Exclusivo: 1ª vacinada no AM, indígena Vanda Ortega quer vaga na Câmara Federal

Se eleita Vanda Ortega Witoto será a primeira mulher indígena a ocupar o cargo de deputada federal no Amazonas

Exclusivo: 1ª vacinada no AM, indígena Vanda Ortega quer vaga na Câmara Federal

Foto: Reprodução/Instagram

MANAUS, AM – O Partido Rede Sustentabilidade anunciou, na última semana, a filiação da indígena Vanda Ortega, originária do povo Witoto, conhecida por ser militante das causas indígenas e ser a primeira pessoa vacinada contra a covid-19 no Amazonas. 

A informação foi divulgada nas redes sociais com o anúncio de que Ortega é pré-candidata e disputará o cargo de deputada federal no pleito deste ano.

Foto: Reprodução/Instagram

Em entrevista exclusiva ao AM1, Vanda conta como é ser pré-candidata e fala sobre as causas que, caso seja eleita, defenderá.

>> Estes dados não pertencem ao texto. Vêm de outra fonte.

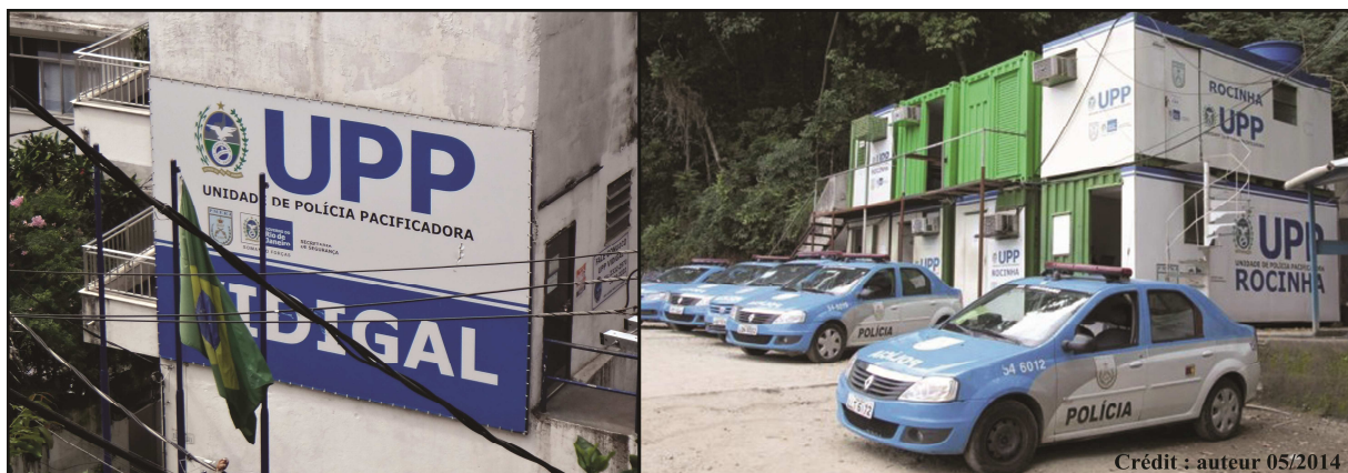
Illustration 1: UPP Posts in Vidigal and Rocinha, Justine Ninnin, 2014

In the field of public security, pacification works towards restoring certain fundamental rights that were previously limited in the favelas: the right to life, the right to freedom of movement, the right to property, access to justice, health, equipment and community services (Zaluar, 2013). Between 2012 and 2013, the

AM1- Quando foi que você tomou a decisão de disputar o pleito de 2022?

V.O– A decisão vem depois de muitos diálogos junto às lideranças do meu povo no Alto Solimões desde 2019, e diante da falta de representação de termos parlamentares que realmente atuem na defesa dos povos indígenas, dos nossos territórios na defesa de políticas públicas para os povos da Amazônia; a decisão foi se confirmando, como algo muito orgânico diante das necessidades que avalio e que vivencio.

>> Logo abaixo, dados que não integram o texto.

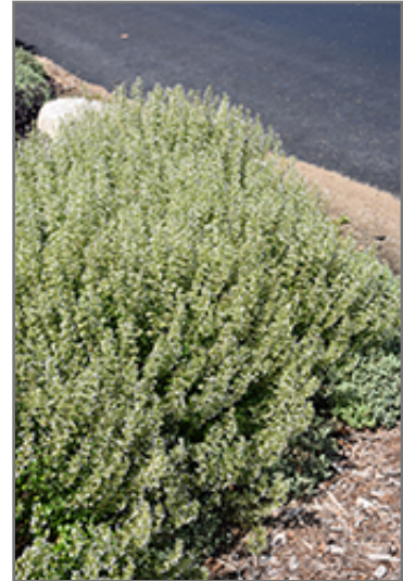
White Cloud Dwarf Calamint in bloom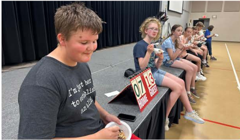
Outbreak - Kickball/Ice Cream May 27, 2026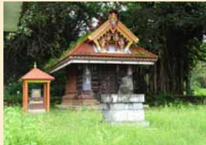
Kunjalinkeezhil Temple, Olavara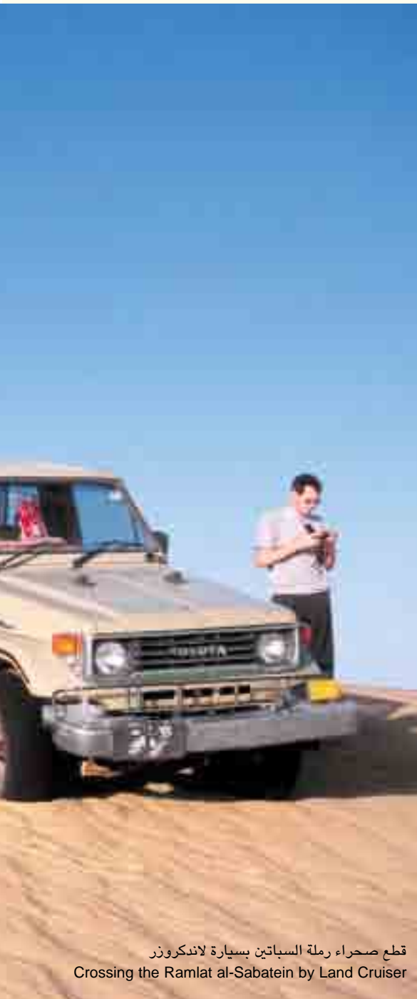
قطع صحراء رملة السباتين بسيارة لاندكروزر Crossing the Ramlat al-Sabatein by Land Cruiser

than 1,000 years and there are palaces dating from the 13th century. In the city, the traditional houses have the most intricate carved wooden doors, miniature examples of which are available to buy from the many tourist shops in town (most of which opened up when they saw us ➤

AM1- Os povos indígenas têm mais dificuldades de encontrar um partido que os apoie?

V.O– Nós, os indígenas, temos, sim, dificuldades em encontrar um partido que, de fato, possa priorizar a nossa candidatura. Eu tive muita dificuldade de diálogo com alguns partidos, eles querem a presença indígena; porém, não é prioridade ter uma candidatura, geralmente eles querem nosso apoio para eleger homens que já são da política, homens que já estão há muito tempo atuando no cenário político.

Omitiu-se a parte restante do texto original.